As of 29 Mar 2021, 16 patients with METex14 NSCLC had received amivantamab at the RP2D. Median age was 70 (range, 55–75), 69% were women, and median prior lines of therapy were 2 (range, 0–10), including prior treatment with crizotinib (n=3), capmatinib (n=1), tepotinib (n=2), and anti-MET antibody (n=1). Nine patients had at least 1 postbaseline disease assessment,

7 are pending first disease assessment; 13 remain on treatment.
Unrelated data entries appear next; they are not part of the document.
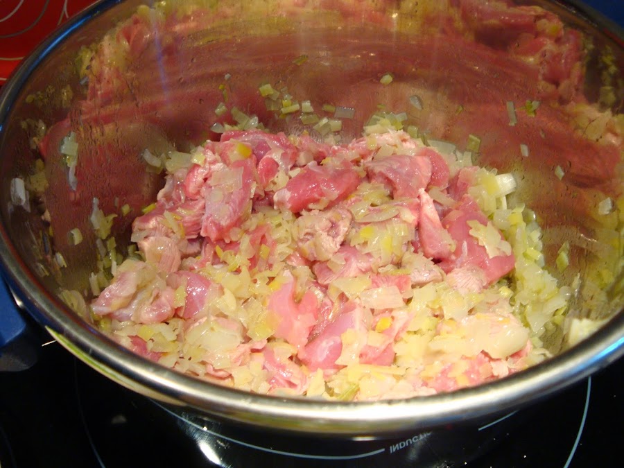 Una vez que tenemos esto rehogado añadimos la carne de pavo para que se vaya dorando por ambos lados.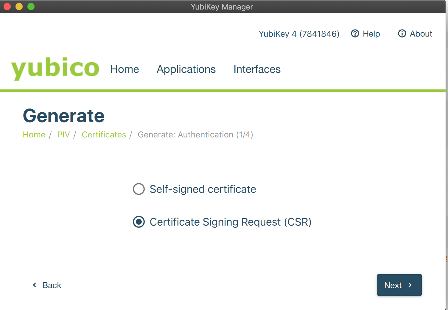 - Open the YubiKey Manager, select Applications > PIV and click Configure Certificates.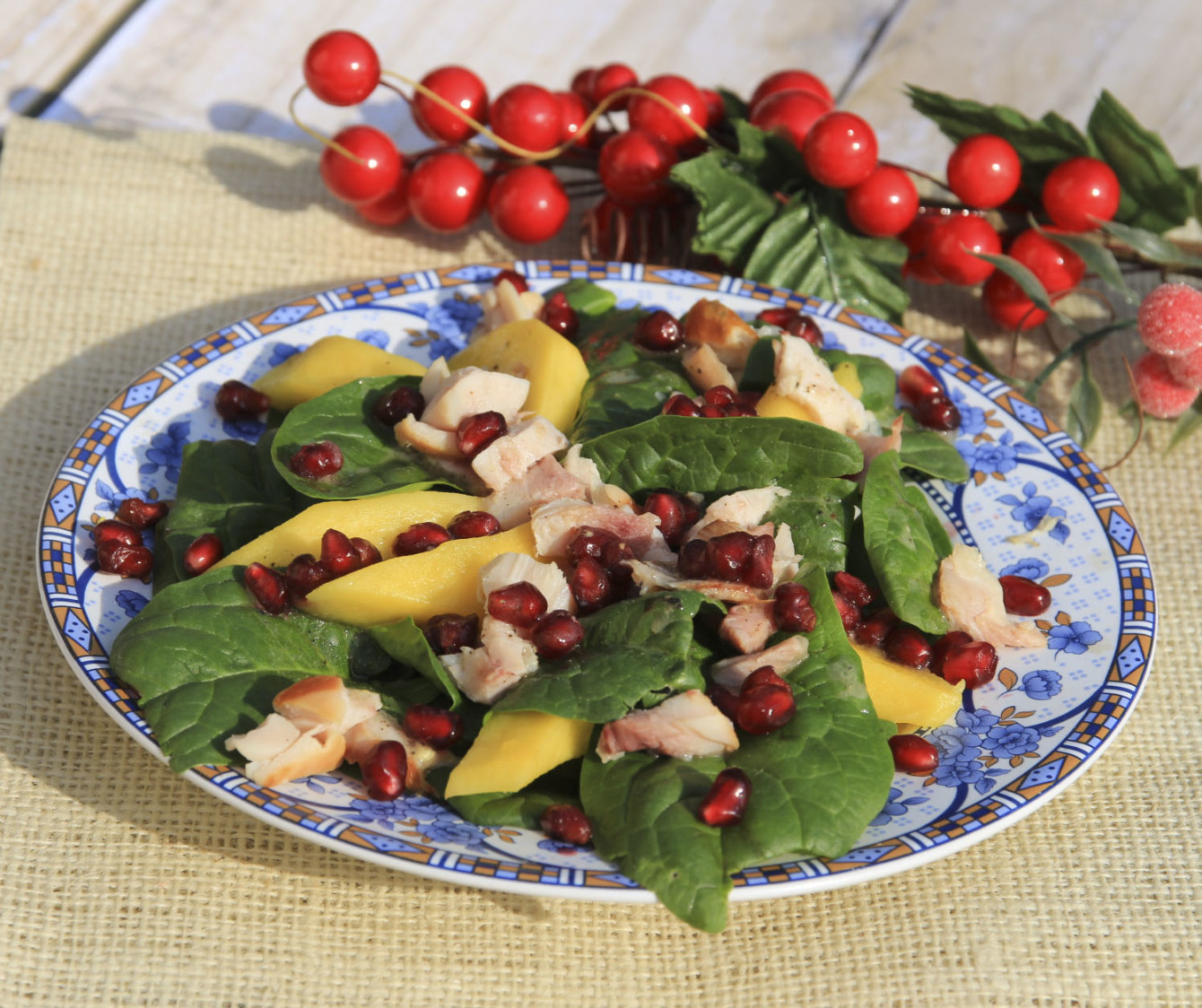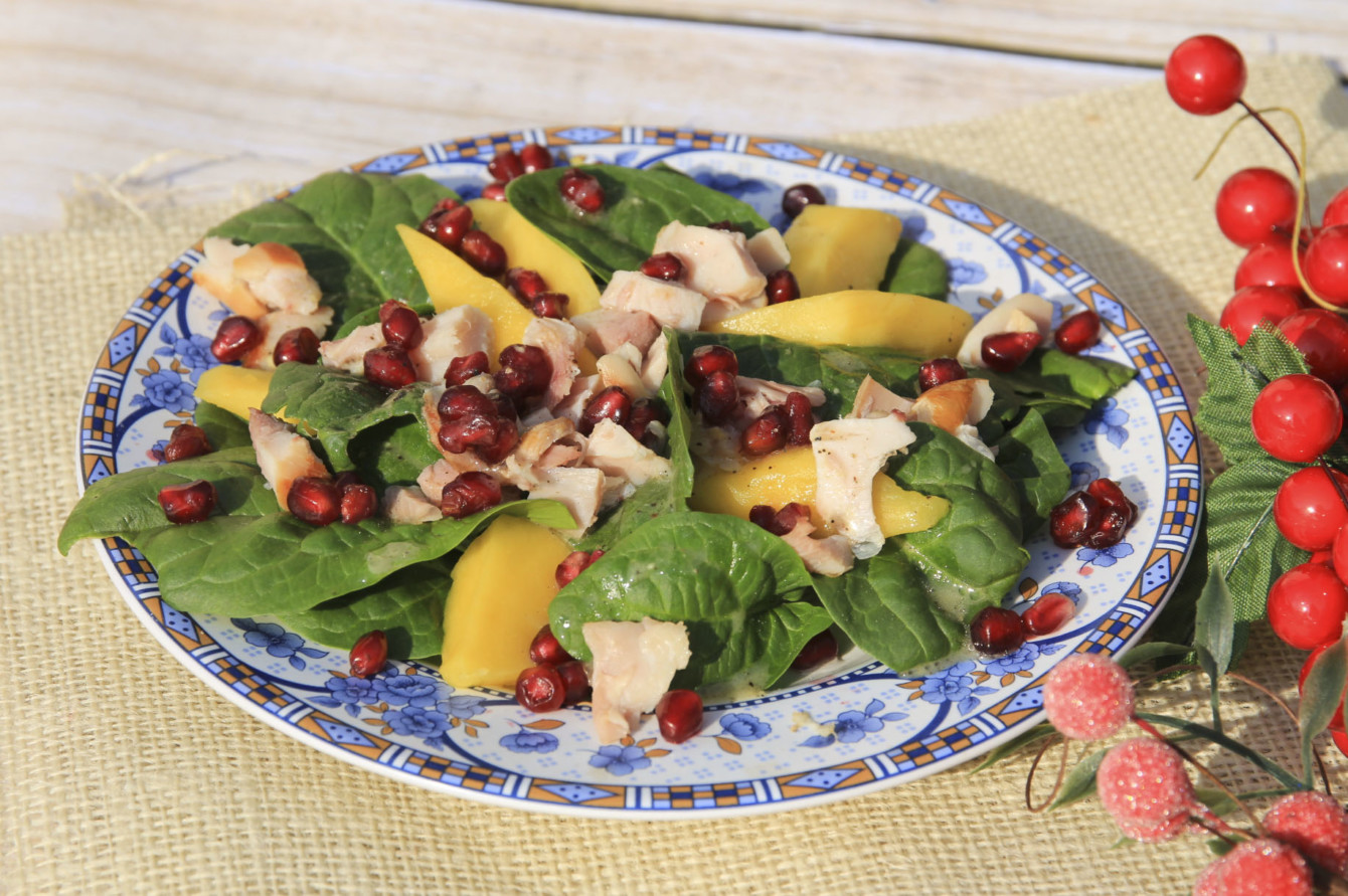 Sałatka z kurczakiem wędzonym, mango i granatem
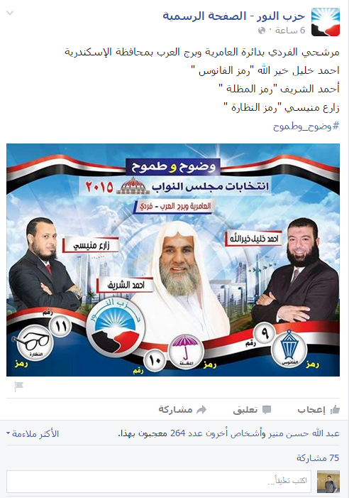 أطلق حزب النور السلفي، حملته الدعائية لمرشحيه على صفحته الرسمية على موقع التواصل الاجتماعي "فيس بوك" في جميع أنحاء الجمهورية، تحت عنوان "وضوح وطموح".

Antitumor activity was observed in each of the 9 response-evaluable patients, with 4 confirmed partial responses, including patients with prior anti-MET therapy (Figure). Three of the 4 responders remain on treatment (6.0–6.6+ months) with ongoing responses, and 1 discontinued after 12 months. The safety profile was consistent with previously reported experience of amivantamab at the RP2D (Sabari 2021 JTO 16(3):S108-109). Treatment-related adverse events leading to dose reduction or discontinuation occurred in 6% of patients, each.
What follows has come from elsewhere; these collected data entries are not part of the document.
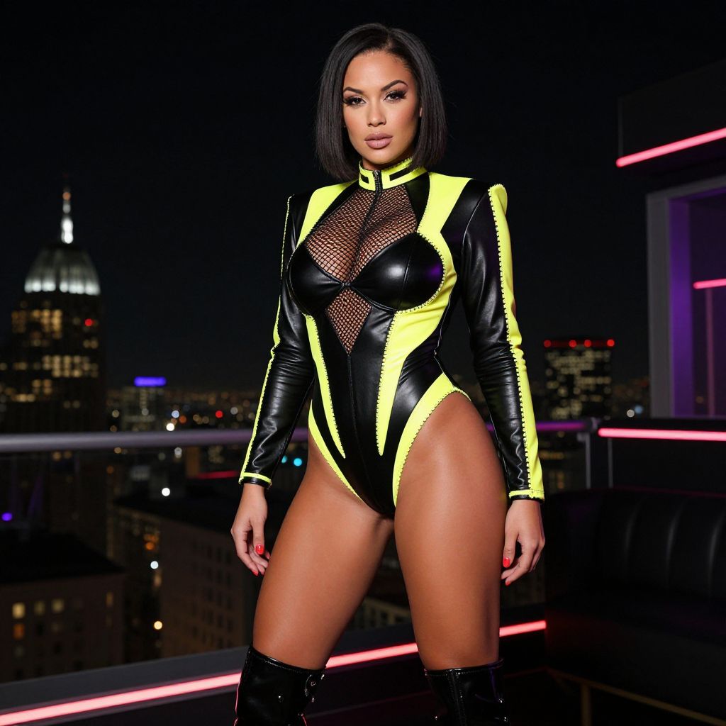 A tall, athletic woman with olive skin, short straight black hair, and a focused expression, wearing a dramatic club costume including a sleek black leather bodysuit with neon yellow geometric patterns, a mesh underlayer, and a high-heeled, ankle-boot ensemble, posed in a dimly lit rooftop club with city skyline views and ambient bass music echoing in the background.. The woman has big breasts and cute face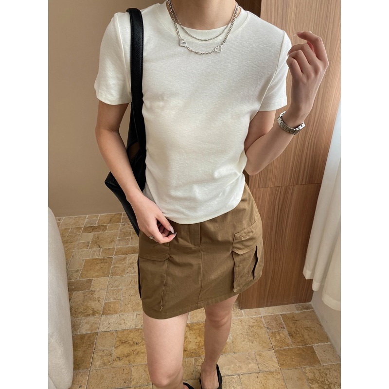 신안 종이 사람 작은 남자 허리 디자인 주름 허리 슬림 어깨 승무원 목 짧은 소매 티셔츠 SN7263스토어 가기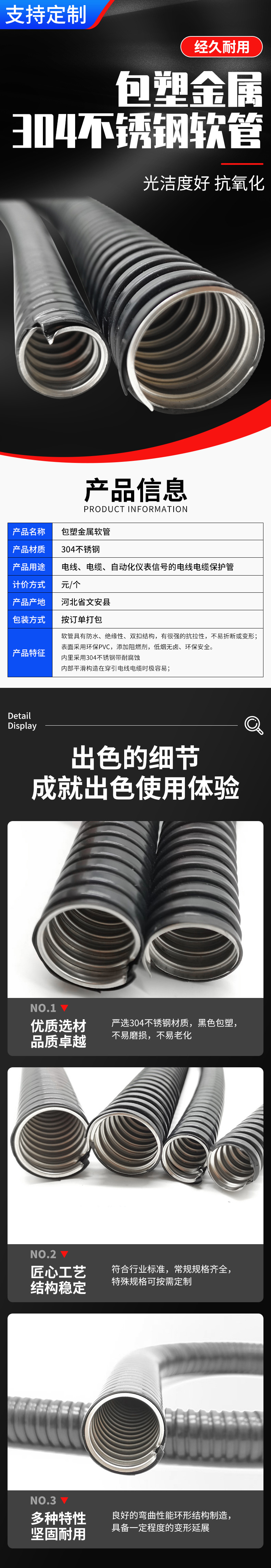 304ステンレス鋼プラスチック被覆金属軟管黒色配線蛇皮管201電線保護管波形管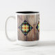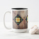 Rainbow barn quilts against barn wood Two-Tone coffee mug

Among 7 patients who received prior MET tyrosine kinase inhibitor (TKI), baseline ctDNA demonstrated 2 patients with potential resistance mechanisms: PIK3CA mutation in one, and CDK4 and EGFR amplifications and a possible secondary MET mutation (A1251V) in the other. Five patients had no identified MET TKI resistance alteration.

結果：

截至2021年3月29日，16例METex14 NSCLC患者接受了amivantamab的2期推薦劑量治療。中位年齡為70歲(55-75歲)，69%為女性，中位既往治療線為2人(0-10歲)，包括既往使用克唑替尼(n=3)、卡馬替尼(n=1)、替波替尼(n=2)和抗met抗體(n=1)。9例患者至少進行了1次基線後疾病評估，7例正在等待首次疾病評估；13人仍在接受治療。在9例可評價療效的患者中均觀察到抗腫瘤活性，其中4例確診為部分療效，包括既往接受過抗met治療的患者(圖)。4例應答者中有3例持續治療(6.0-6.6個月)，1例在12個月後停止治療。安全性與此前報道的amivantamab在RP2D中的經驗一致(Sabari 2021 JTO 16(3):S108-109)。6%的患者產生了必須減少劑量或停藥的副作用。
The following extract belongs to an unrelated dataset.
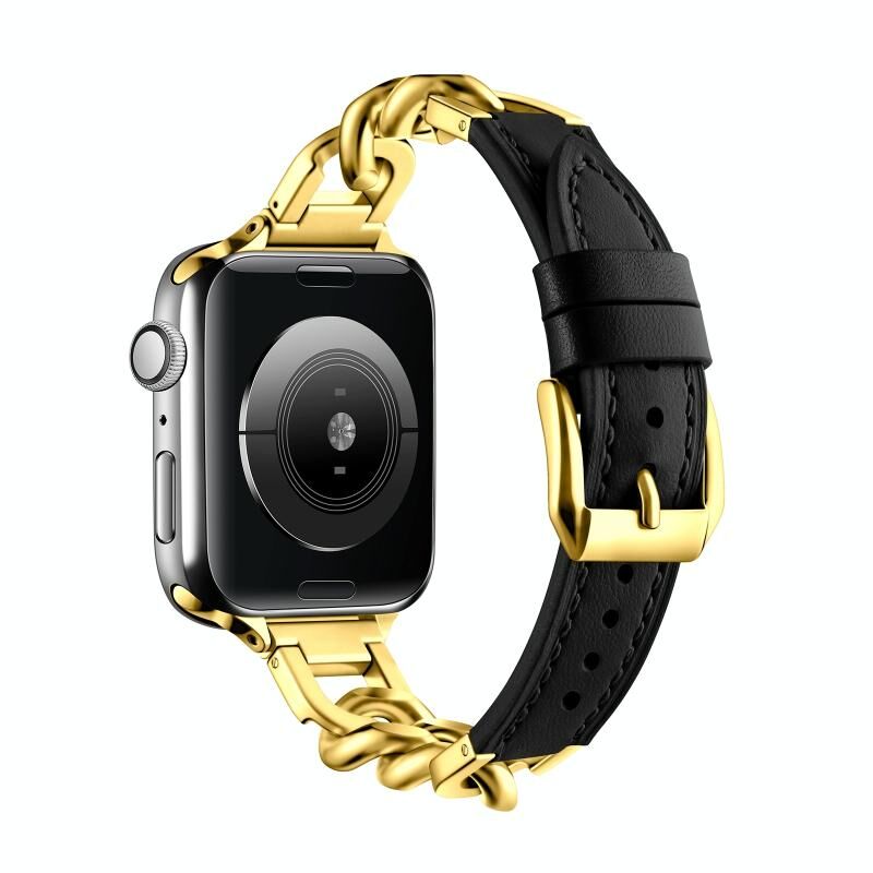 Για Apple Watch Series 9 45mm, Αυθεντικό Δερμάτινο Λουρί Αλυσίδα, Μέγεθος: S (Χρυσό Μαύρο)

在此前接受MET酪氨酸激酶抑製劑(TKI)治療的7例患者中，基線ctDNA顯示有2例患者存在潛在的耐藥機製：其中1例患者出現PIK3CA突變，另1例患者出現CDK4和EGFR擴增，其他患者可能出現繼發性MET突變(A1251V)。5例患者未發現MET TKI耐藥性改變。

Conclusion

This report provides first evidence of amivantamab activity in MET-driven NSCLC, in addition to its previously reported anti-EGFR activity, consistent with its bispecific mechanism of action. Enrollment into MET-2 cohort is ongoing, and presentation will include updated data.

結論：

該報告提供了amivantamab在met驅動的NSCLC中的活性的第一個證據，除了之前報道的抗EGFR活性，其餘與它的雙特異性作用機製一致。MET-2隊列的登記正在進行中，報告中將包括最新的數據。